Empathie bedeutet sich in den anderen hineinzuversetzen.
Es ist erstmal losgelöst vom Handeln. Lufti handelt total freundschaftlich. Sie ist für ihre Freundin da, sie hilft, sie sorgt sich, sie hört zu. Sie tut mehr, als die meisten Menschen in ähnlichen Konstellationen, tun.
Das steht/stand für mich zu keinem Zeitpunkt zur Diskussion.
Sie hat auch alles Recht Grenzen zu setzen.
Aber: Sie kann sich nicht besonders gut in Tanja hineinversetzen. Das ist einfach so. Sie bezieht viel zu viel auf sich, nimmt Dinge persönlich, wird getriggert, und hat auch eine, für sich selbst typische, Erwartungshaltung daran, was für Tanja jetzt am besten wäre.
Und das liegt eben an einem Mangel an Empathie. Denn ein empathischer Mensch versetzt sich hinein und bewertet die Situation aus dem Blickwinkel der anderen Person heraus. Und dann müsste Lufti erkennen, dass sie alles viel zu persönlich nimmt und wie zerrissen und kaputt Tanja eigentlich ist.
Ihre Rücksichtsnahme, ihre Helfen und Aushalten hilft Tanja aktuell mit Sicherheit.

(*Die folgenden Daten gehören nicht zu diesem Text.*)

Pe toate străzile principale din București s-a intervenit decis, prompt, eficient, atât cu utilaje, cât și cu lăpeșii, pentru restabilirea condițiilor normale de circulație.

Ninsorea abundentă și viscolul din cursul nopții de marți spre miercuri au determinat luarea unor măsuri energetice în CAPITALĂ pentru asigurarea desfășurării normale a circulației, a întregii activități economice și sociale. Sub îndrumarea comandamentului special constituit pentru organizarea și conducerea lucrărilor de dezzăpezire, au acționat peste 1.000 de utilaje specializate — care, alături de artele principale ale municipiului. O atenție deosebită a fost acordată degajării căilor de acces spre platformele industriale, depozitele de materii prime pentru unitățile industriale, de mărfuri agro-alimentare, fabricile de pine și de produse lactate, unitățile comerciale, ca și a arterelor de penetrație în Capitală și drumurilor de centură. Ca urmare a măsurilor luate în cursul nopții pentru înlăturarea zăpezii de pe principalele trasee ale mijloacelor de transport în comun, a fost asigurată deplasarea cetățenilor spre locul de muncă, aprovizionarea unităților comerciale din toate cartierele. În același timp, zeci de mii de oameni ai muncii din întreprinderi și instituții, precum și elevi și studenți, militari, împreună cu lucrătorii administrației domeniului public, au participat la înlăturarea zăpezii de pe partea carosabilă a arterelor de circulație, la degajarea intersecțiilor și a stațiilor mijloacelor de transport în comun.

Meiner Meinung nach würde Empathie vor allem Lufti selbst helfen. Denn meiner Erfahrung nach hilft es mir immer heraus aus der Spirale an persönlicher Betroffenheit, triggert mich viel viel weniger, und löst eben keine eigenen Emotionen in mir aus, für die ich mich dann rechtfertigen muss, wenn ich Situationen nur aus dem Blickwinkel der anderen Person heraus betrachten kann. Es ist also ein Hilfsmittel, welches ich Lufti gerne an die Hand geben würde und keine Kritik oder gar Herabsetzung dessen, was sie schon alles tut.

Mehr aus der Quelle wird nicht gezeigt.